# Measuring Media Criticism with ALC Word Embeddings

This project contains code for the study titled "Measuring Media Criticism with ALC Word Embeddings," which focuses on analyzing and processing data related to media criticism using advanced linguistic computational (ALC) word embeddings. The study is published in the journal *Political Analysis*.

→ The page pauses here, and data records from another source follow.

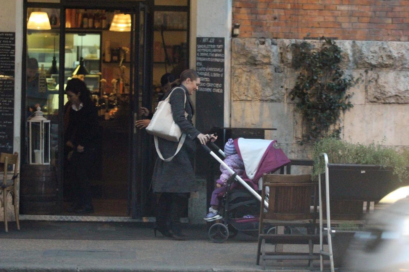 Natalia Titova, a passeggio per Roma con la suocera e con le sue due figlie, Sofia e Vittoria Sidney, esce da un ristorante dove ha fatto una sosta per far mangiare Vittoria, la più piccola tra le sue due figlie.
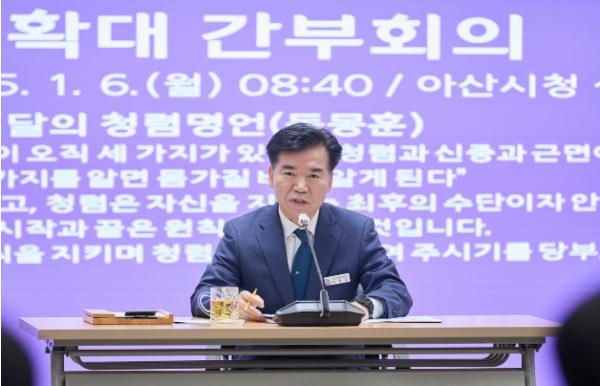 조일교 아산시장 권한대행이 2025년 첫 확대간부회의에서 소상공인을 위한 실질적인 지원 방안과 공직기강 확립을 강조했다.
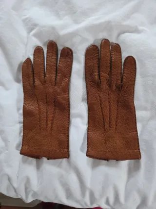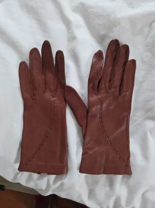 Elegantes guantes de cuero para mujer, ideales para complementar tu estilo. - Material: Cuero fino. - Diseño delicado con costuras. - Talla: 7. Usado en pocas ocasiones
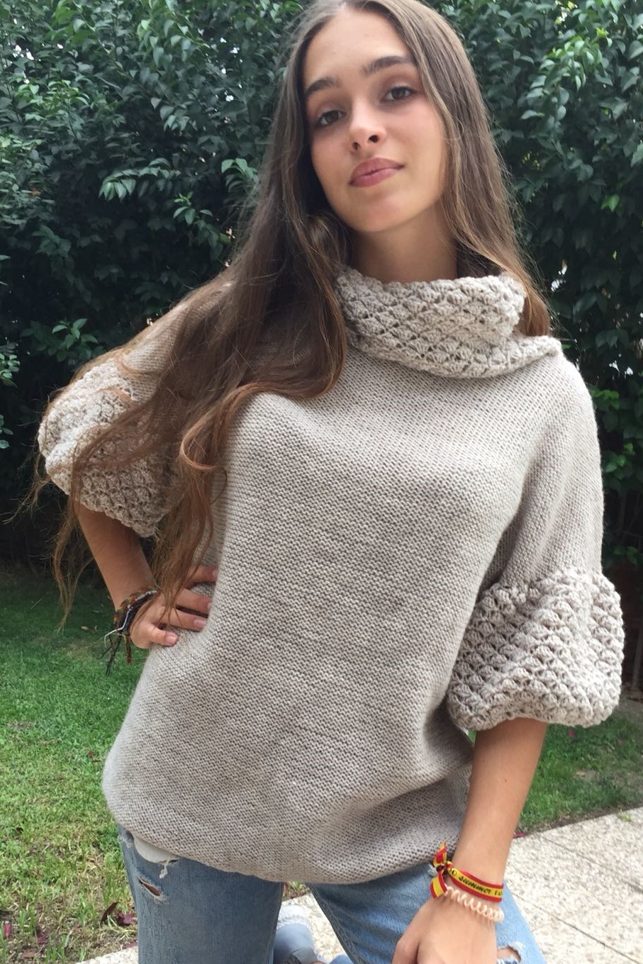 Jersey de lana con acrílico, color beige, tejido a Artesanum
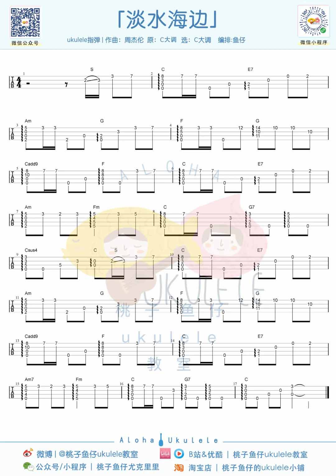 尤克里里周杰伦|不能说的秘密插曲《淡水海边》尤克里里谱
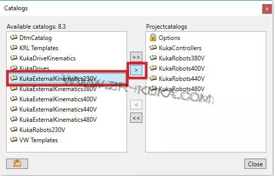 Step 2 選擇KukaExternalKinematics230V 點擊單個箭頭,添加到現有目錄
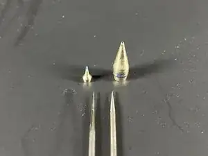 Любое искривление иглы повлияет на поток и форму распыления краски из аэрографа.
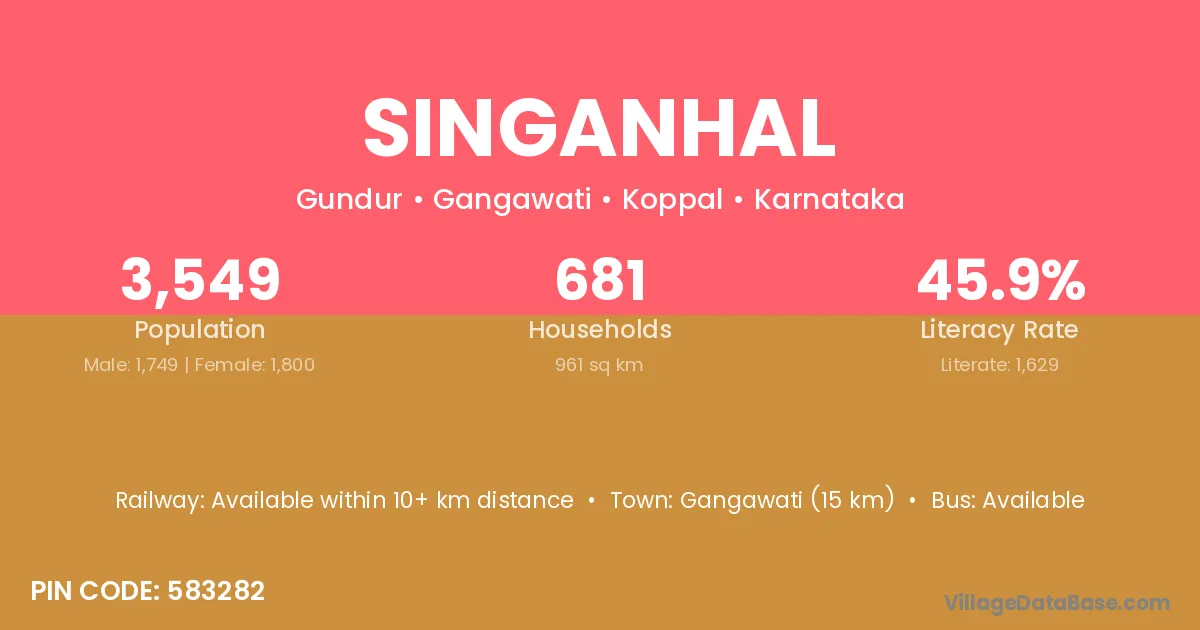 Gangawati (15 km) is the nearest town to Singanhal village for major economic activities and is located approximately 15 km away.
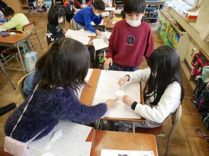 理科では重さの学習を行いました。算数科でも学習したことを生かしながら、粘土や紙等の形を変えても重さは変わらないこと、体積が同じでも重さが違うものがあることを実験を通して学習しました。
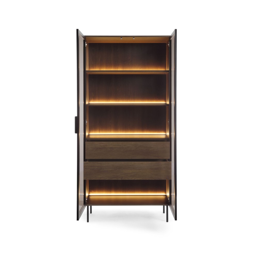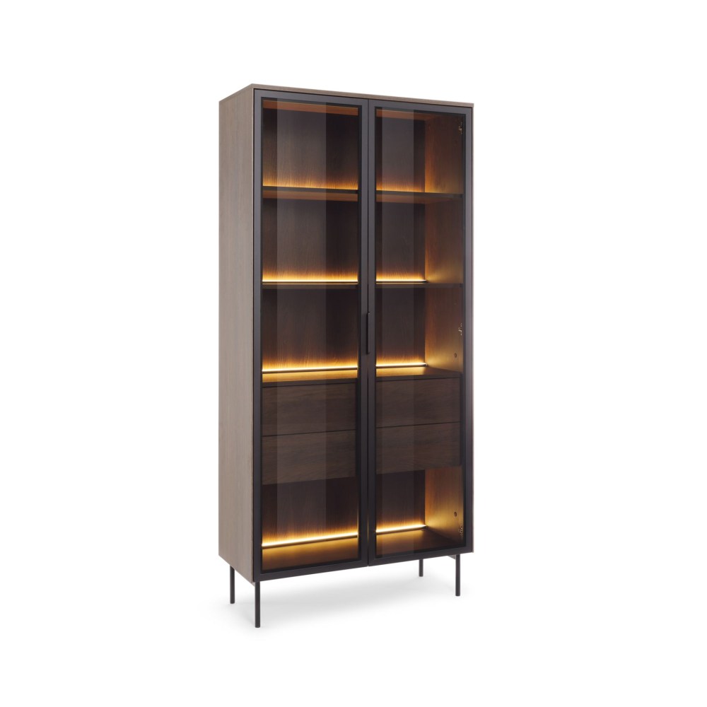 Lumi em Carvalho Dunin é uma opção elegante e funcional. Seu design exclusivo torna a coleção não apenas uma peça de mobiliário esteticamente agradável, mas também uma solução prática de armazenamento, conferindo um toque pessoal a qualquer ambiente. As frentes de vidro temperado protegem o conteúdo dos armários contra poeira e danos, permitindo que você exiba seus itens favoritos. Pés e puxadores de metal preto adicionam um toque de leveza ao móvel, enquanto a iluminação cria uma atmosfera aconchegante.
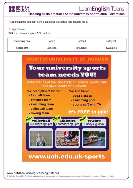 Reading skills practice: At the university sports club – exercises

Scripts should be run in order.

The download link for the raw data will be supplied separately only for the purposes of root-and-branch replication. It will not be included in the public replication package.  

## Authors

- Christopher Barrie
- Neil Ketchley
- Alexandra Siegel
- Mossaab Bagdouri

## Setup Instructions for Python scripts

1. Create and activate a virtual environment:
```bash
# Create virtual environment
python3 -m venv venv

# Activate virtual environment
source venv/bin/activate  # On macOS/Linux
# or
.\venv\Scripts\activate  # On Windows
```

2. Install required dependencies:
```bash
pip install -r requirements.txt
```

## Setup Instructions for R scripts

We use `renv` in this replication package. The `renv.lock` file in the repository captures the exact versions of every package used in the analysis.

To activate, use: 

```r
renv::activate()
```

Then:

```r
renv::restore()
```

## Potential System Dependencies

This project may require some system-level libraries for compiling certain R packages (e.g., `rsparse` depends on gfortran).

### macOS

Install GCC (which includes gfortran) using Homebrew:
```bash
brew install gcc
```
```markdown

## Execute the Master Script

From the root directory of the repository, make sure that `run.sh` is executable:

```bash
chmod +x run.sh
```

Then run the script:

```bash
./run.sh
```

This will execute all the analysis scripts in order. All output is directed to a log file named `run.log`. In the interest of expediency,
the log files only include the main analyses so far. When run again in full, it will include the initial pre-processing steps etc. Given that these will not be actually included in the public replication, they are not included in the Dataverse. 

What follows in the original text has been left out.